Work order. Every line below should be copied exactly; drop the pictures.

Provided material.
▬▬▬▬▬▬▬▬▬▬

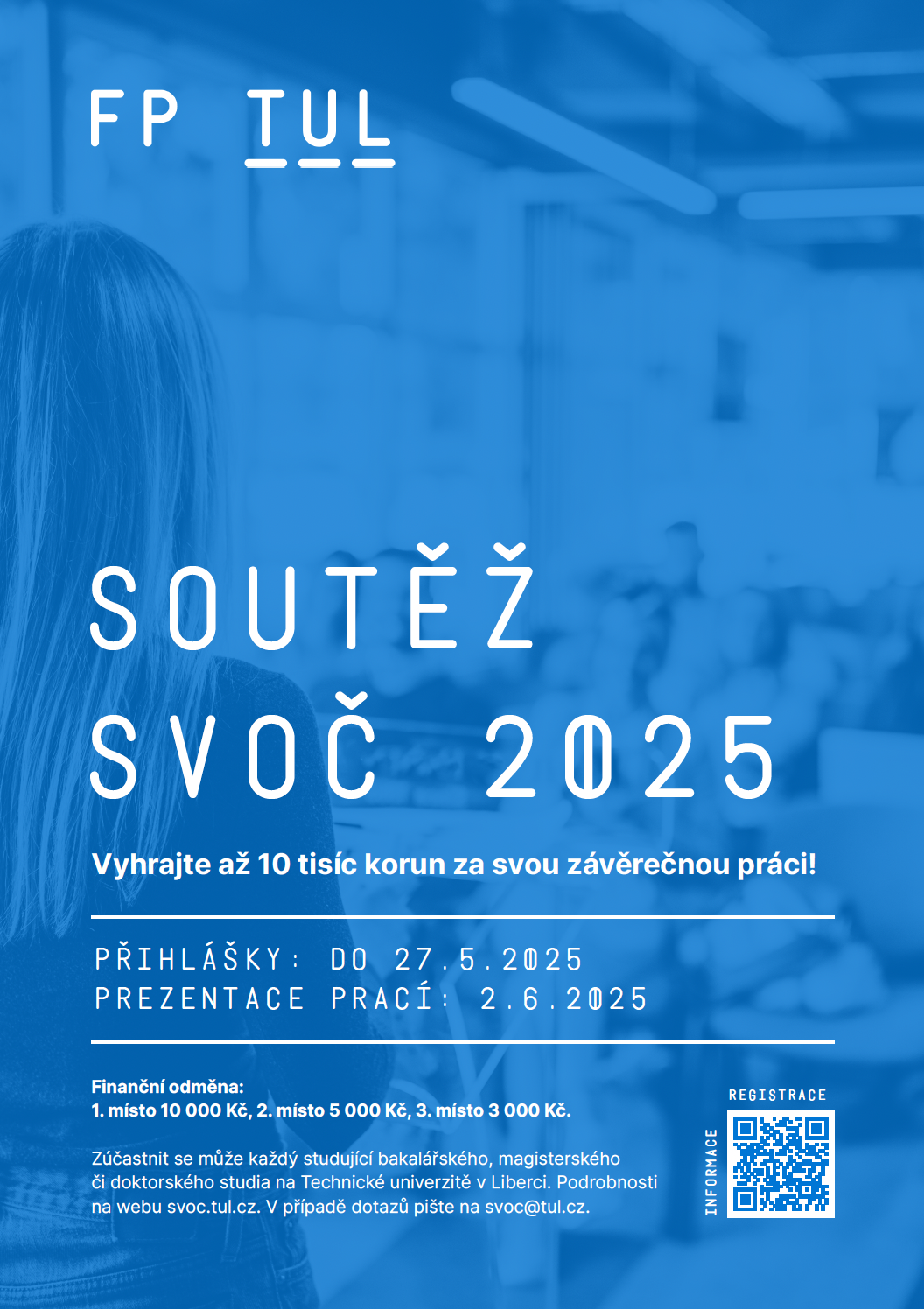 Vroce 2025 se tradiční soutěž ve Studentské vědecké a odborné činnosti (SVOČ) uskuteční již po sedmnácté a je vyhlášena pod záštitou Fakulty textilní, Fakulty strojní, Fakulty mechatroniky, informatiky a mezioborových studií, Ekonomické fakulty a Fakulty přírodovědně-humanitní a pedagogické Technické univerzity v Liberci.
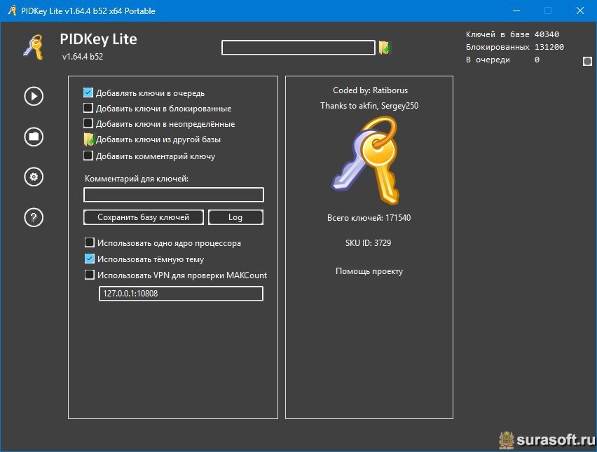 Она позволяет заменить PIDKey by Ratiborus, Ultimate PID Checker by janek2012 и VAMT. Программа PIDKey Lite является правопреемницей PIDKey и взяла из нее лучшие идеи. Основной особенностью программы является создание SQL-базы в отличие от PIDKey, где база фактически хранилась в текстовых файлах. Программа позволяет добавлять новые ключи в двух режимах (режимы добавления ключей будут описаны ниже) и проверять их, находить в базе нужные ключи, обновлять информацию о них и (или) перемещать их в блокированные. ————————————————————————————————— /unpack | /u | /e - Распаковывает базу конфигов рядом с программой RU:
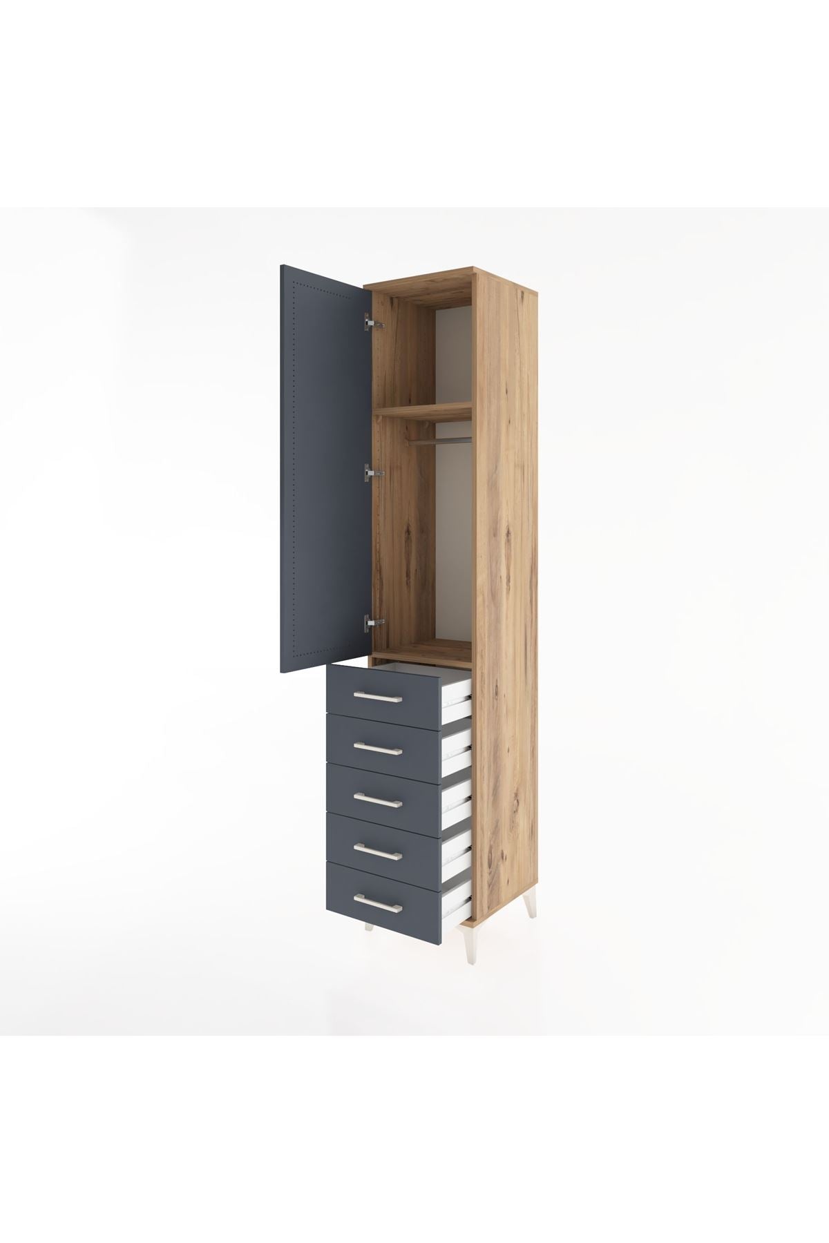 Hyperion Dolap 2 Raflı 5 Çekmeceli Tek Askılı 44x44x221 Çam-Antrasit

▬▬▬▬▬▬▬▬▬▬

Exercise solution.
 Vroce 2025 se tradiční soutěž ve Studentské vědecké a odborné činnosti (SVOČ) uskuteční již po sedmnácté a je vyhlášena pod záštitou Fakulty textilní, Fakulty strojní, Fakulty mechatroniky, informatiky a mezioborových studií, Ekonomické fakulty a Fakulty přírodovědně-humanitní a pedagogické Technické univerzity v Liberci.
 Она позволяет заменить PIDKey by Ratiborus, Ultimate PID Checker by janek2012 и VAMT. Программа PIDKey Lite является правопреемницей PIDKey и взяла из нее лучшие идеи. Основной особенностью программы является создание SQL-базы в отличие от PIDKey, где база фактически хранилась в текстовых файлах. Программа позволяет добавлять новые ключи в двух режимах (режимы добавления ключей будут описаны ниже) и проверять их, находить в базе нужные ключи, обновлять информацию о них и (или) перемещать их в блокированные. ————————————————————————————————— /unpack | /u | /e - Распаковывает базу конфигов рядом с программой RU:
 Hyperion Dolap 2 Raflı 5 Çekmeceli Tek Askılı 44x44x221 Çam-Antrasit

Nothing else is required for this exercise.